Some summary statistics to this distribution:
favstats(~ F, data = null2)
#> min Q1 median Q3 max mean sd n
#> 0.006571185 0.3887514 0.7581193 1.293386 5.553417 0.9314424 0.7433274 1000
#> missing
#> 0
Caution
Note that the ASA advises that the p-value should not be the (sole) basis of decision in any data analysis.
Bayesian statistics is a neat alternative.
ANOVA
As can be seen, the Kruskal Wallis and the F tests yield different results.
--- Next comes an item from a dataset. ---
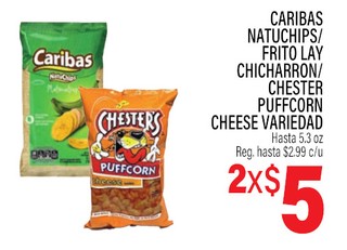 CARIBAS NATUCHIPS/ FRITO LAY CHICHARRON/ CHESTER PUFFCORN CHEESE VARIEDAD Hasta 5.3 oz
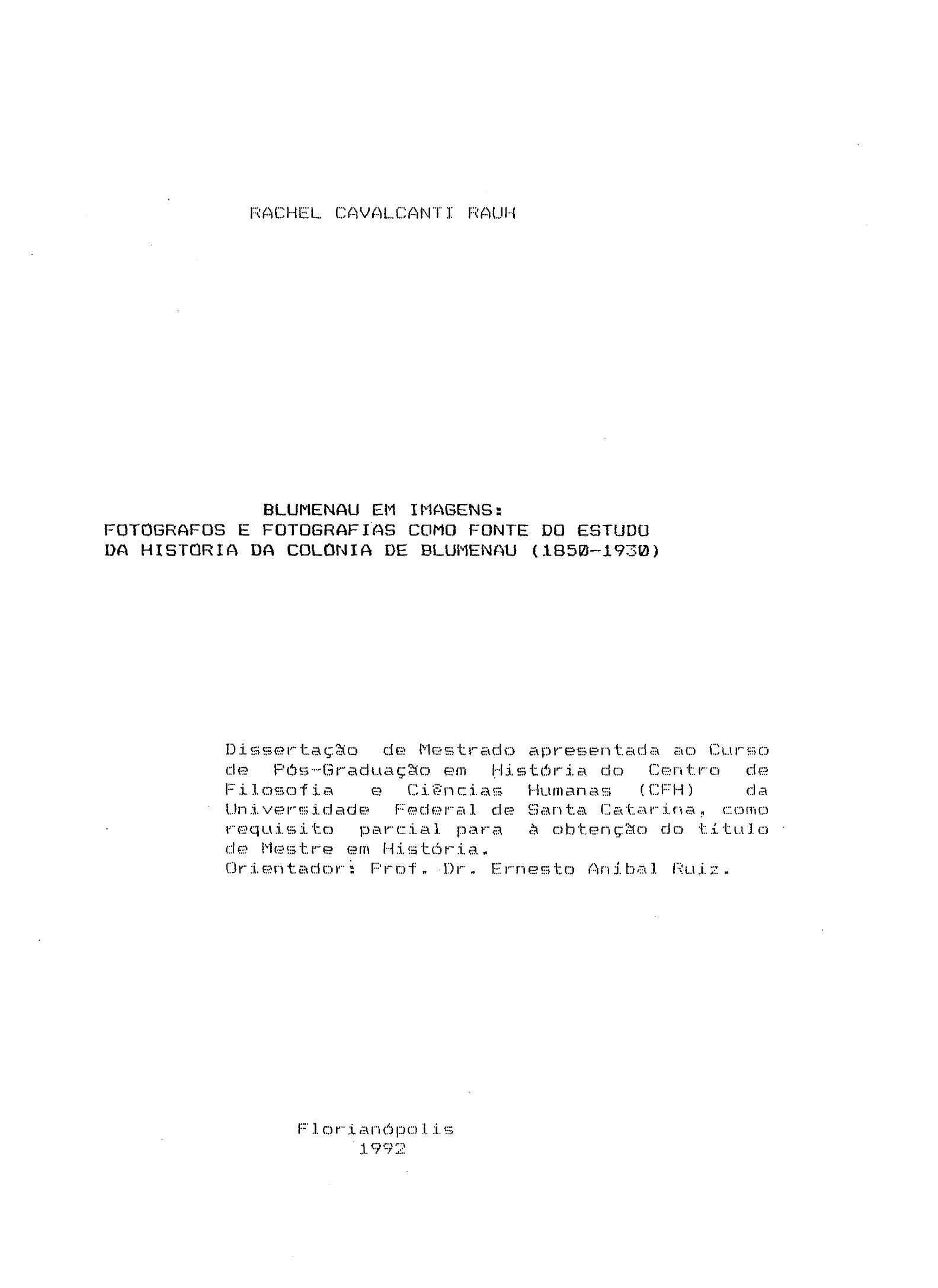 O objetivo deste trabalho é desenvolver uma metodologia para analisar as fontes fotográficas para a pesquisa histórica. A metodologia desenvolvida neste trabalho está fundamentada em três diferentes pontos. Primeiramente com as definições teóricas sobre fotografia apontadas por estudiosos da área. Em segundo lugar de sugestões para a classificação de documentos visuais de estudiosos como Boris Kossoy e Erwin Panofsky entre outros. Finalmente pelo tipo de informação encontrada e registrada nas fotografias localizadas no Arquivo Municipal José Ferreira da Silva na cidade de Blumenau - Santa Catarina. A metodologia desenvolvida neste trabalho foi usada para estudar a história dos habitantes de Blumenau. Diferentes aspectos da vida dos blumenauenses podem ser visualizadas nas fotografias e relatadas nos documentos escritos para propostas comparativas. A comparação entre os documentos visuais e escritos sobre os nativos da região de Blumenau mostra o cotidiano na Reserva Indígena Duque de Caxias assim como a deterioração da cultura indígena. Sobre a vida dos colonizadores e o processo de colonização, a comparação entre documentos visuais e escritos mostram diferentes aspectos e detalhes do processo de aculturação. Este trabalho pretende mostrar a importância dos documentos visuais na pesquisa histórica sugerindo novas fontes de dados para analisar e interpretar as experiências humanas no passado. |

This is probably due to the fact that we tested median differences (Kruskall) and later on mean differences (F test).
As a check, here’s a standard ANOVA:
aov1 <- aov(tip ~ day, data = tips)
summary(aov1)
#> Df Sum Sq Mean Sq F value Pr(>F)
#> day 3 9.5 3.175 1.672 0.174
#> Residuals 240 455.7 1.899
Replicating the F value decision from the SBI analysis above.
Plotting medians vs means
As a further check, let’s plot median and mean differences for the sake of comparison.
gf_point(tip ~ day,
data = tips,
stat = "summary",
fun = mean,
shape = 3,
size = 5,
color = "blue") +
stat_summary(geom = "point",
fun = median,
color = "red",
size = 5,
shape = 5) +
labs(caption = "Crosses: Mean, diamonds: Median")
As ca be seen, the median values are more spread out, hence it appears sensible that the test would get significant whereas the more clustered mean values do not show a significant difference in our test.